__Work required__
Transcribe the stretch of entries below from the line with "透過 LINE 預約系統" through the line with "There are two", exactly and with both ends included; leave out all other lines.

__Data records__
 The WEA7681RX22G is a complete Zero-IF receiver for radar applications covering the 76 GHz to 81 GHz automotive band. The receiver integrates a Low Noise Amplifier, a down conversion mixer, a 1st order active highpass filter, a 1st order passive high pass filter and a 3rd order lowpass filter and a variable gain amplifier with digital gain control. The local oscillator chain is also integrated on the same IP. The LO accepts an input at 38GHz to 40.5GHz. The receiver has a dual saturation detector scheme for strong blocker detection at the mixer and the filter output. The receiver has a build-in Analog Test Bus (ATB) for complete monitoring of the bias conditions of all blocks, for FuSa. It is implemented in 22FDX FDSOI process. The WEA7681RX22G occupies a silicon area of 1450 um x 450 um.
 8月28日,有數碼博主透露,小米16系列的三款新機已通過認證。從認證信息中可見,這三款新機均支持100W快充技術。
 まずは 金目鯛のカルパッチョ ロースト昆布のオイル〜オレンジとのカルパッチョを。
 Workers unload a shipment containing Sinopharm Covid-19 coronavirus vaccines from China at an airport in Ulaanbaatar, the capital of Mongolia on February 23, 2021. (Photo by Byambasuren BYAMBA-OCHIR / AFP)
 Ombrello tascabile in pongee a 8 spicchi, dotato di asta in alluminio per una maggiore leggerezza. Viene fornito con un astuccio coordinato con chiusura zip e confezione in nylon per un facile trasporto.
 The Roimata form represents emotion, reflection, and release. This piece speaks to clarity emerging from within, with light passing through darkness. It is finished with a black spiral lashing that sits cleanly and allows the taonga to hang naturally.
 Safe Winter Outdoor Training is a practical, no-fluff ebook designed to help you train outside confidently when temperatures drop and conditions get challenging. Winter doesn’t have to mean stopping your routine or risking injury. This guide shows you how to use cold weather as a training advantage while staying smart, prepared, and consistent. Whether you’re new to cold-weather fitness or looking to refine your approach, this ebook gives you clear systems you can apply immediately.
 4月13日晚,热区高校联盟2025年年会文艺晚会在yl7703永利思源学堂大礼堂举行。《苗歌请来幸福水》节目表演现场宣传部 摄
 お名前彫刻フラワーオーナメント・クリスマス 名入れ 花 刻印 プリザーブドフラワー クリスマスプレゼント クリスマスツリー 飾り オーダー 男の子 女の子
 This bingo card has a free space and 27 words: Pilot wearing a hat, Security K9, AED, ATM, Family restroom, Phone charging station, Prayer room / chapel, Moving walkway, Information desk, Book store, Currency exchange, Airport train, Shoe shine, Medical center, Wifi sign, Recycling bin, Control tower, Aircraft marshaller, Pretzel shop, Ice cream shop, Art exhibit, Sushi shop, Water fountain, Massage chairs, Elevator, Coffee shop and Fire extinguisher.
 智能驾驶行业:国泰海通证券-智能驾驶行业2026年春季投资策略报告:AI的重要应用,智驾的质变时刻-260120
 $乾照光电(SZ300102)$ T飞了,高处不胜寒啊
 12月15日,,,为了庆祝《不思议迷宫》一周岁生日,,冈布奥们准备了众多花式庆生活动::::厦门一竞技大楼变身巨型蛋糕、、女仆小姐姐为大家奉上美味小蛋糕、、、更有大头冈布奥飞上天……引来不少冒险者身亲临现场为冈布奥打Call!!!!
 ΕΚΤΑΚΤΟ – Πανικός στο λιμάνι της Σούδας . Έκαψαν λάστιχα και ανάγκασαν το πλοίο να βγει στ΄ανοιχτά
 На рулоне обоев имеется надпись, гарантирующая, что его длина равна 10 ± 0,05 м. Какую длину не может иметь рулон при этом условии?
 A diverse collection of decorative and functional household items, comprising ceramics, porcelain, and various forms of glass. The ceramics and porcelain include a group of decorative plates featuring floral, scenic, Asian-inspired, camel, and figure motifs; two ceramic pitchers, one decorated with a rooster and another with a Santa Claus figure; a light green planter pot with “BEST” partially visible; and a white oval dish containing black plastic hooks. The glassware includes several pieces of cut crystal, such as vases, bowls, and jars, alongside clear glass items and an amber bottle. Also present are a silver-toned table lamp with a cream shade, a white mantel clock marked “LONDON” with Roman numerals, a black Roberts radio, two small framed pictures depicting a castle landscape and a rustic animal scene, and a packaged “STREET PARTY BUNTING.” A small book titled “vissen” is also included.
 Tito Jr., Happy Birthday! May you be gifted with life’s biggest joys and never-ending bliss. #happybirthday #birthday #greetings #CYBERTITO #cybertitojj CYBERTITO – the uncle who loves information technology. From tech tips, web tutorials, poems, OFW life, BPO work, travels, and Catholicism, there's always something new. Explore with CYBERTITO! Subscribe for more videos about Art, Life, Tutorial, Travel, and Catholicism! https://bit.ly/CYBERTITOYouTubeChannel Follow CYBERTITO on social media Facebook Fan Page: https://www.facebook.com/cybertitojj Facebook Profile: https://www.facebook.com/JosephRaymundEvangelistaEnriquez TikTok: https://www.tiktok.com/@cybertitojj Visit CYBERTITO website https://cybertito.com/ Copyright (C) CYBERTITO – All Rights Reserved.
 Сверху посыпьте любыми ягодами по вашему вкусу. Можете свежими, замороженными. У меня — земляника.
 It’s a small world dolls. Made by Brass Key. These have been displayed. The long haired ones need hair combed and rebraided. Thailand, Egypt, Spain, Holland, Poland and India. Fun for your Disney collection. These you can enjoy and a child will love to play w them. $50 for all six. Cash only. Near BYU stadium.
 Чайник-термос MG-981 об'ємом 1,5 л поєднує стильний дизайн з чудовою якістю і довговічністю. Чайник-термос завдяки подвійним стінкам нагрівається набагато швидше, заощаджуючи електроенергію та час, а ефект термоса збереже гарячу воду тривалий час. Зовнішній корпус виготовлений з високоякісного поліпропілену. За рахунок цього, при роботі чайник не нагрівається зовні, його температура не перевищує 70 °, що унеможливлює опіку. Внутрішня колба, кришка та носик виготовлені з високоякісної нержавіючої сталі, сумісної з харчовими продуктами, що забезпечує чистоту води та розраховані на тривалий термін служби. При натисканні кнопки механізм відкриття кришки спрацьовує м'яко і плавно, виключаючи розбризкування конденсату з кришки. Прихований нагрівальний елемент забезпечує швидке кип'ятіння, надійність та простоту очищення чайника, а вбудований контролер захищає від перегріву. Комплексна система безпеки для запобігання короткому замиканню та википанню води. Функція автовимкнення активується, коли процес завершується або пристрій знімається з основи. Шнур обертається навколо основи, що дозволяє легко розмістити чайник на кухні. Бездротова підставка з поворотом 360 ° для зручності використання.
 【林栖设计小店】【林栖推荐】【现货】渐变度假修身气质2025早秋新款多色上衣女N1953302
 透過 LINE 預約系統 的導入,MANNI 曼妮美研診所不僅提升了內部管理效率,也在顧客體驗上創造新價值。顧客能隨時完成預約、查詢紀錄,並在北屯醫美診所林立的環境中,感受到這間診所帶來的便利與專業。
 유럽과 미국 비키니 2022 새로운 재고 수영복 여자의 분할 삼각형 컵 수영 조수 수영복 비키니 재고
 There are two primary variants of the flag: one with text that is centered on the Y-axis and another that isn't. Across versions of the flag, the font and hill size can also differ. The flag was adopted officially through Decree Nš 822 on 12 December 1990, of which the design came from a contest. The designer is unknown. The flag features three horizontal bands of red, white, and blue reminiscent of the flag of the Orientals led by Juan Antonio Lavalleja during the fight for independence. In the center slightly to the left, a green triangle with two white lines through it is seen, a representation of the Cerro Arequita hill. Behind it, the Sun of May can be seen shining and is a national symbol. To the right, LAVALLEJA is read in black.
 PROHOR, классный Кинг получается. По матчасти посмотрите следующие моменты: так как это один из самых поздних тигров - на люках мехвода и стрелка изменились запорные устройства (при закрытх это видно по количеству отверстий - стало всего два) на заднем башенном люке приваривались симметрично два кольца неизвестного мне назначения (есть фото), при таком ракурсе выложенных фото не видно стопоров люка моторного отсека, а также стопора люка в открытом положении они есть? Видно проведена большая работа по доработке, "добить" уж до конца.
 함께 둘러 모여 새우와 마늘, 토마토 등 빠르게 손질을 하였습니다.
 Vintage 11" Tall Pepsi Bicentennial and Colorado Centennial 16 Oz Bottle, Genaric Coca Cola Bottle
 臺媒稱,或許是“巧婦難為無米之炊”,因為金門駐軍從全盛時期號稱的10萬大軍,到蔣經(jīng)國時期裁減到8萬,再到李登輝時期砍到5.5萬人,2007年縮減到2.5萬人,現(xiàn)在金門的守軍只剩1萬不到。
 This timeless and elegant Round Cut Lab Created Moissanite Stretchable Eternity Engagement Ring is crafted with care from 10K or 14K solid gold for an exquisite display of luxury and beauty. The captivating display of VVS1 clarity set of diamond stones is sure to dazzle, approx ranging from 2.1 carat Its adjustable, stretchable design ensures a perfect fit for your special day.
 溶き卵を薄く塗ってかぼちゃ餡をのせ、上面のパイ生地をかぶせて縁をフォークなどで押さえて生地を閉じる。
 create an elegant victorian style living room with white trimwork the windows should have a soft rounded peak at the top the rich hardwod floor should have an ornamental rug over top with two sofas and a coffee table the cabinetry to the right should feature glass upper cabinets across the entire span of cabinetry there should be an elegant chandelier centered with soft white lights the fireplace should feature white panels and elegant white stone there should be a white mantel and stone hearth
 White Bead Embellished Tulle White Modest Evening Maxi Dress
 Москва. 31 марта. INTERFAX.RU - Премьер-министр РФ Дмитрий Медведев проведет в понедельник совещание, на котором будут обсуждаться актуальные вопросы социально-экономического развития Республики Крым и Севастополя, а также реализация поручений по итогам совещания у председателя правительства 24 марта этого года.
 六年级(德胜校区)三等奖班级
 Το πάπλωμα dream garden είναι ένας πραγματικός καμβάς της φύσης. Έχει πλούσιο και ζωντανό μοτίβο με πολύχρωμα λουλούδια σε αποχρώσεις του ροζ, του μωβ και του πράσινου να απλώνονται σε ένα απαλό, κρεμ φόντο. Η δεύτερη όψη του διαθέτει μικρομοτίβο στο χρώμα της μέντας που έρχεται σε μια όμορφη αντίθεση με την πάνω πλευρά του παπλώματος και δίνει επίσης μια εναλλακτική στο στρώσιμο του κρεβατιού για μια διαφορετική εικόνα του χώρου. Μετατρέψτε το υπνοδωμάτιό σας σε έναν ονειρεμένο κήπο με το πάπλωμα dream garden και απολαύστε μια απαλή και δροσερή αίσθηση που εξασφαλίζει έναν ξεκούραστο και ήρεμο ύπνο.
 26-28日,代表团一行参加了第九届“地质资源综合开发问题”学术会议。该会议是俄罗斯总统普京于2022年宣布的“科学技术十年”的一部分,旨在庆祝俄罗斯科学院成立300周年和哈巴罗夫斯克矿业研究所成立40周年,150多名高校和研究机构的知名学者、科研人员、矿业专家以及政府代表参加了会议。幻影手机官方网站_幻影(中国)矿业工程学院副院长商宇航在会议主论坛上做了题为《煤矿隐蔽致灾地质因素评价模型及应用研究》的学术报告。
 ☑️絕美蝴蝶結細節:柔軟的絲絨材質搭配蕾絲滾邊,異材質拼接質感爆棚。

__Reply__
 透過 LINE 預約系統 的導入,MANNI 曼妮美研診所不僅提升了內部管理效率,也在顧客體驗上創造新價值。顧客能隨時完成預約、查詢紀錄,並在北屯醫美診所林立的環境中,感受到這間診所帶來的便利與專業。
 유럽과 미국 비키니 2022 새로운 재고 수영복 여자의 분할 삼각형 컵 수영 조수 수영복 비키니 재고
 There are two primary variants of the flag: one with text that is centered on the Y-axis and another that isn't. Across versions of the flag, the font and hill size can also differ. The flag was adopted officially through Decree Nš 822 on 12 December 1990, of which the design came from a contest. The designer is unknown. The flag features three horizontal bands of red, white, and blue reminiscent of the flag of the Orientals led by Juan Antonio Lavalleja during the fight for independence. In the center slightly to the left, a green triangle with two white lines through it is seen, a representation of the Cerro Arequita hill. Behind it, the Sun of May can be seen shining and is a national symbol. To the right, LAVALLEJA is read in black.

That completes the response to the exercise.